Re: Learning C question

brandon88tube wrote:

I understand arrays, loops and the other basic things like if statements because of my other programming knowledge, but what tends to get me is the whole pointer thing and memory management. I don't understand the point of using a pointer over a normal variable. I might already be using them at work, but unknowingly so, as I make variables that sort of reference something else. Either way, the way they are used seems to confuse me for some odd reason and I just can't grasp the concept. Then there is the whole memory thing... Never had to do this before so never sure when and where it would be needed.

brandon88tube wrote:

I understand arrays, loops and the other basic things like if statements because of my other programming knowledge, but what tends to get me is the whole pointer thing and memory management. I don't understand the point of using a pointer over a normal variable. I might already be using them at work, but unknowingly so, as I make variables that sort of reference something else. Either way, the way they are used seems to confuse me for some odd reason and I just can't grasp the concept. Then there is the whole memory thing... Never had to do this before so never sure when and where it would be needed.
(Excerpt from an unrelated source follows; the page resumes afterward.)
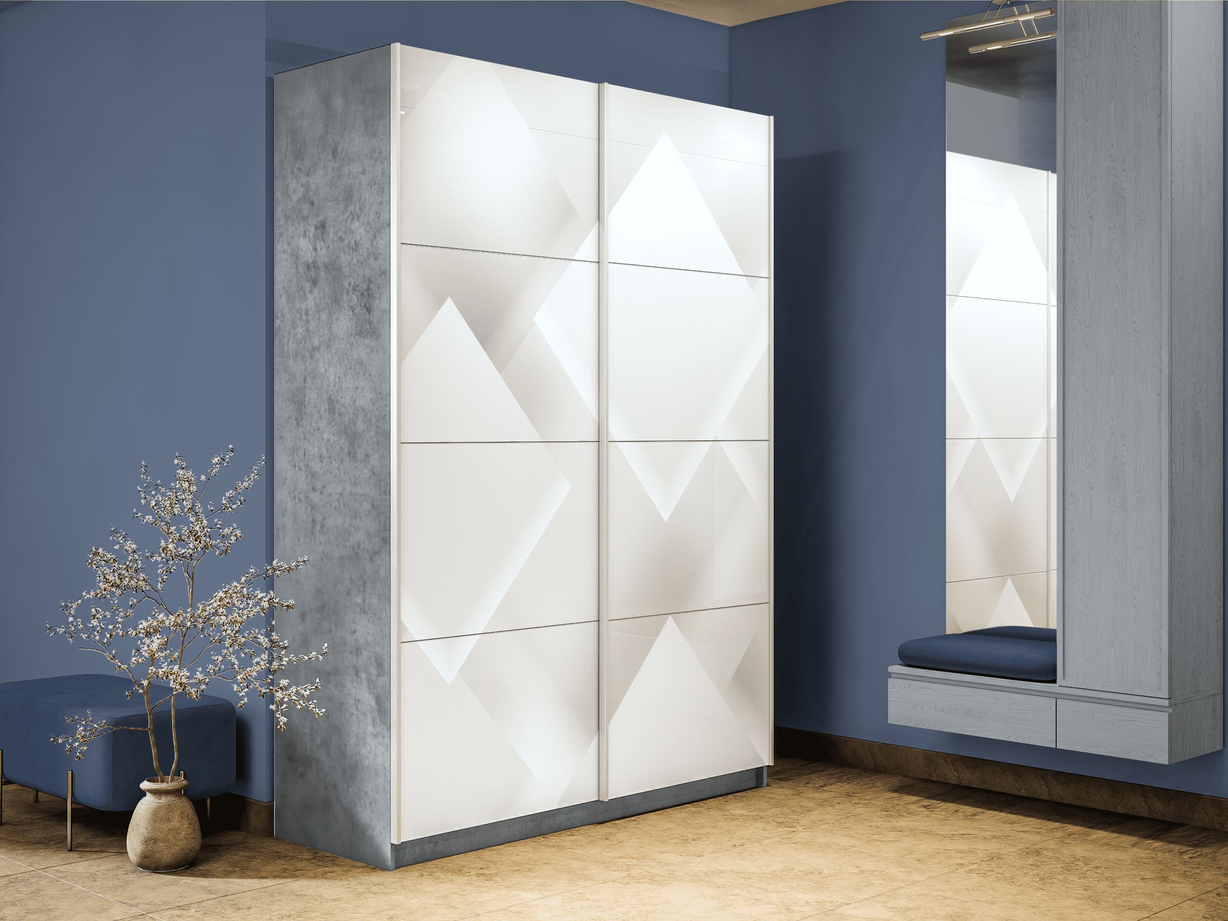 Отзывы о Столплит Шкаф-купе Прайм 2-х дверный Фотопечать Квадраты Стекла/Доводчики 120х57х230 Бетон
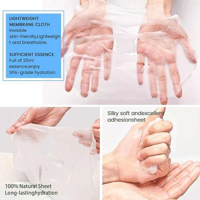 - FACIAL SKINCARE SHEET MASK:This premium women's skin care mask is silky smooth,moisturizing,refreshing and has increased efficacy and adhesion to block evaporation and lock in moisture for a hydrating effect that lasts all day

Well, I think the whole thing is that you don't fully grasp the memory bit, if you understand that and what a memory address is then pointers all fall to place.

Think of the computer's memory as a huge array of cells which each can hold 0 or 1. In order to access these cells more efficiently the cpu groups them into larger chunks and allow you fast access to the memory using these chunks. For example a 32-bit cpu it can take a chunk of 32-bits at a time and manipulate those bits and/or move them to another memory location (cell chunk).  Say we want to send a 32-bit value to a function, no problem. 32-bits can be moved the the functions local memory (stack) extremely quickly. However, what if we want to send a huge chunk of data to a function? It doesn't fit into 32-bits and will require the cpu to do alot of work in copying this large data to the function's stack in repeated 32-bit chunks which is slow. But why are we copying this data at all? The data already exist somewhere, can't we just tell the function where it is rather than copying all that data to the function? Sure, that is what a pointer does. It simply points at a chunk of data in memory and the type the pointer has tells whatever code that uses it how that data is to be accessed.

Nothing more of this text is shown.